It was later divided into three residences. It was subdivided into flats in the 1990s, although without its classical colonnaded portico, the central part being known as "Old Holland House".

Follies
Follies built in the environs of Holland House by Lord Holland included:
Kingsgate Castle, originally intended as stables.
Arx Ruochim, a coastal fort above White Ness, built in the style of several erected by King Henry VIII. It is said to have replaced a fort built on the site by King Vortigern in 458 AD. It survives, but missing its tower.
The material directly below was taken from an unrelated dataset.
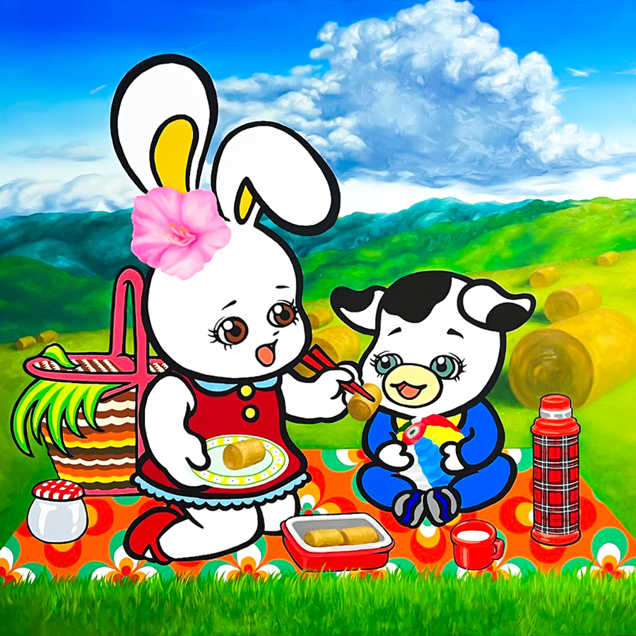 1997年東京都生まれ。2020年東京藝術大学美術学部絵画科油画専攻卒業。「文化の継承・変異」をテーマに、固有の昔話に登場する寓話や風習を自らつくり直し、文化の継承ツールとして、物語をポップに昭和レトロな色彩で表現する。

The King's Gate, a mock defensive Gothic crenellated gateway with portcullis, built on the beach in a gap between the cliffs, leading up to Holland House. Originally named Barthelmas Gate, it was renamed to commemorate a forced landing there in 1683 by King Charles II during a storm.
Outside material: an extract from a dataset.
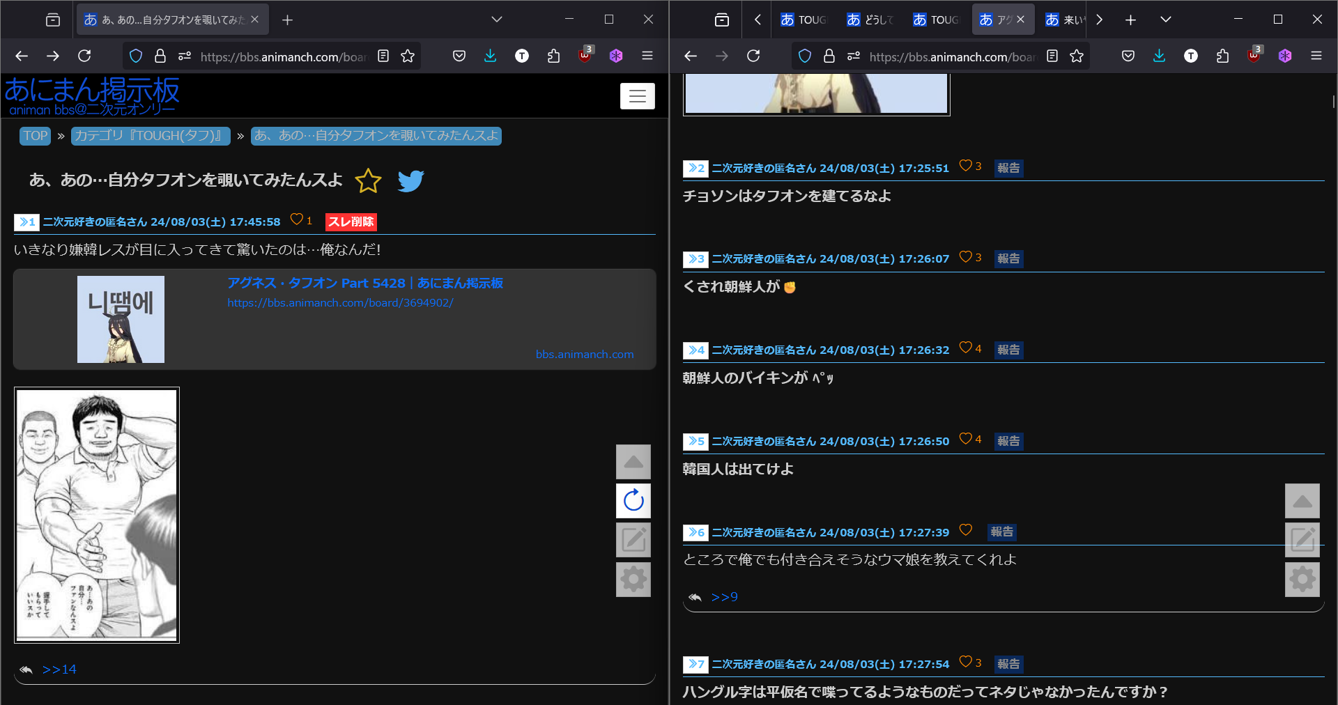 タフオンなんて絵師粘着も半コテへの粘着もウマカテ愚弄もなんでもござれヤンケ

Hackendown Tower, built by Lord Holland on a Saxon burial mound which he had excavated in 1765, which he supposed marked the site of a battle between the Anglo-Saxons and the Danes. The name is apparently a play on "hack 'em down".
Countess Fort, possibly used as an icehouse.
Captain Digby, now a public house. Named after Lord Holland’s nephew, Admiral  Robert Digby (1732-1815), after whom is named the town of Digby in Nova Scotia.
Whitfield Tower, built by Lord Holland on the highest point in the locality, in memory of Robert Whitfield, from whom he purchased much of the estate.